__TRY IT__.
The copy you print must match the listing exactly, with its pictures removed.

__DATA SUPPLIED__.
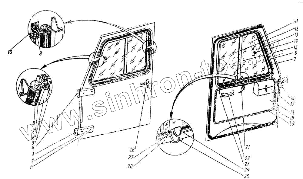 Каталог запасных частей к технике: ПАЗ-672М. Дверь кабины водителя
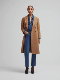 Women’s double-breasted coat in camel The ‘Mylius’ Overcoat is cut from the finest camel hair for a cozy, oversized fit that ensures easy layering over shirts and chunky sweaters. Buy once, love for a lifetime. - Designed for an oversized fit, with lightly padded shoulders - Camel hair felt - Camel coloured lining - Tortoiseshell-effect buttons - Peak lapels - Smiley outer pockets and four internal pockets 100% Camel Hair Lining: 100% Viscose Made in Italy
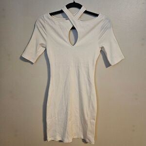 Skin Dress Indira Mini Bone White Neutral Casual Bridal Cocktail Keyhole
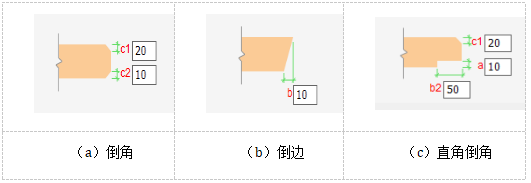 包括【倒角】【倒边】和【直角倒角】三个类型。其参数如图4.14所示。
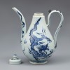 执壶呈玉壶春瓶状,壶身绘在火焰间飞舞的龙纹。龙有三爪,并作张牙舞爪状。
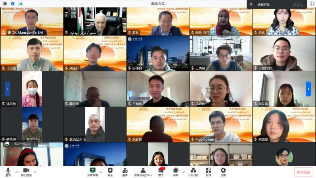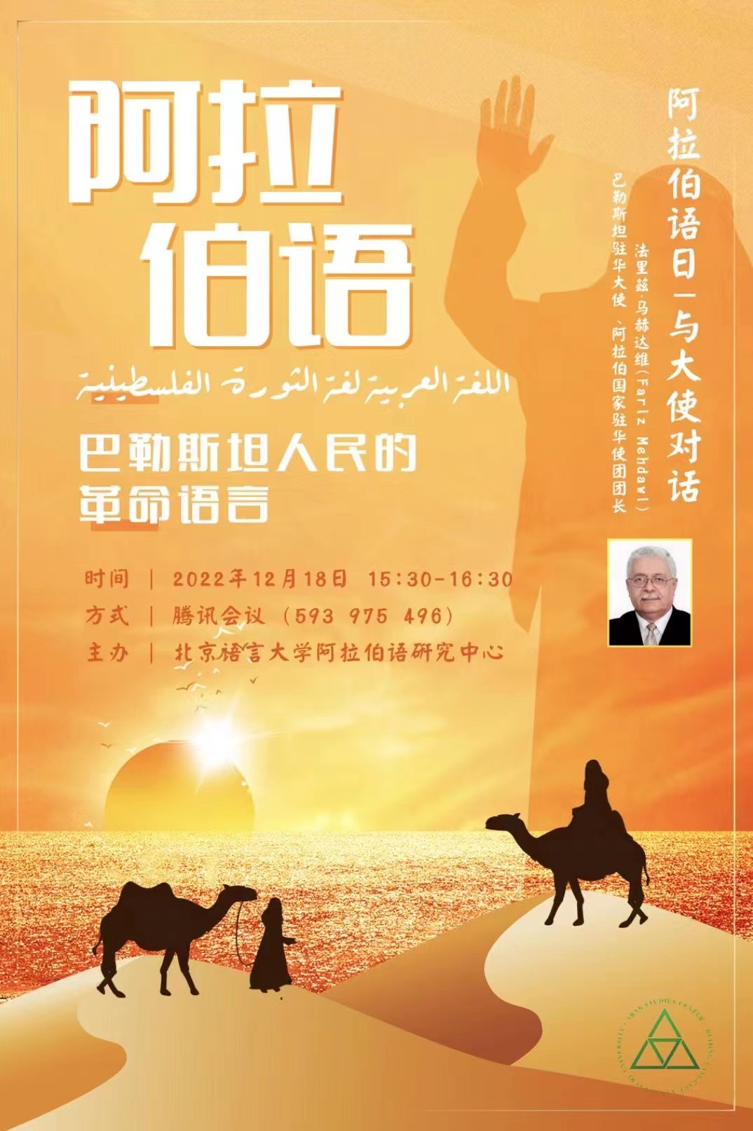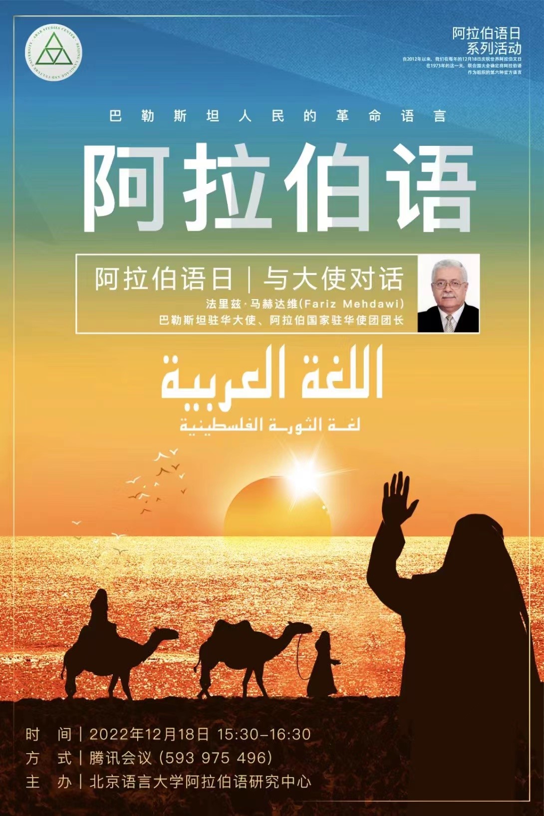 12月18日我校阿拉伯研究中心举办了主题为“阿拉伯语:巴勒斯坦人民的革命语言”世界阿拉伯语日线上纪念活动,中心特邀阿拉伯国家驻华使团长、巴勒斯坦国驻华大使法里兹·马哈达维(Feriz Mahdawi)博士为我校中东学院阿拉伯语系全体教师做了主题演讲。
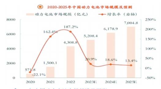 预计2023~2025年我国新能源汽车销量分别突破900万、1100万、1300万辆,2025年我国动力电池出货量有望接近1太瓦时(1000吉瓦时),市场销售规模将突破7000亿元。
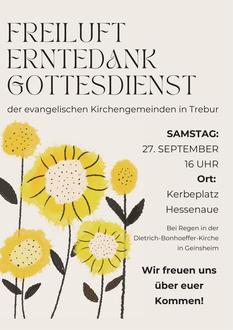 | 16:00 Uhr | Freiluft-Gottesdienst zum Erntedankfest auf dem Hessenauer Kerweplatz, bei Regen in der Dietrich-Bonhoeffer-Kirche in Geinsheim |

__ANSWER TO THIS PROBLEM__.
 Каталог запасных частей к технике: ПАЗ-672М. Дверь кабины водителя
 Women’s double-breasted coat in camel The ‘Mylius’ Overcoat is cut from the finest camel hair for a cozy, oversized fit that ensures easy layering over shirts and chunky sweaters. Buy once, love for a lifetime. - Designed for an oversized fit, with lightly padded shoulders - Camel hair felt - Camel coloured lining - Tortoiseshell-effect buttons - Peak lapels - Smiley outer pockets and four internal pockets 100% Camel Hair Lining: 100% Viscose Made in Italy
 Skin Dress Indira Mini Bone White Neutral Casual Bridal Cocktail Keyhole
 包括【倒角】【倒边】和【直角倒角】三个类型。其参数如图4.14所示。
 执壶呈玉壶春瓶状,壶身绘在火焰间飞舞的龙纹。龙有三爪,并作张牙舞爪状。
 12月18日我校阿拉伯研究中心举办了主题为“阿拉伯语:巴勒斯坦人民的革命语言”世界阿拉伯语日线上纪念活动,中心特邀阿拉伯国家驻华使团长、巴勒斯坦国驻华大使法里兹·马哈达维(Feriz Mahdawi)博士为我校中东学院阿拉伯语系全体教师做了主题演讲。
 预计2023~2025年我国新能源汽车销量分别突破900万、1100万、1300万辆,2025年我国动力电池出货量有望接近1太瓦时(1000吉瓦时),市场销售规模将突破7000亿元。
 | 16:00 Uhr | Freiluft-Gottesdienst zum Erntedankfest auf dem Hessenauer Kerweplatz, bei Regen in der Dietrich-Bonhoeffer-Kirche in Geinsheim |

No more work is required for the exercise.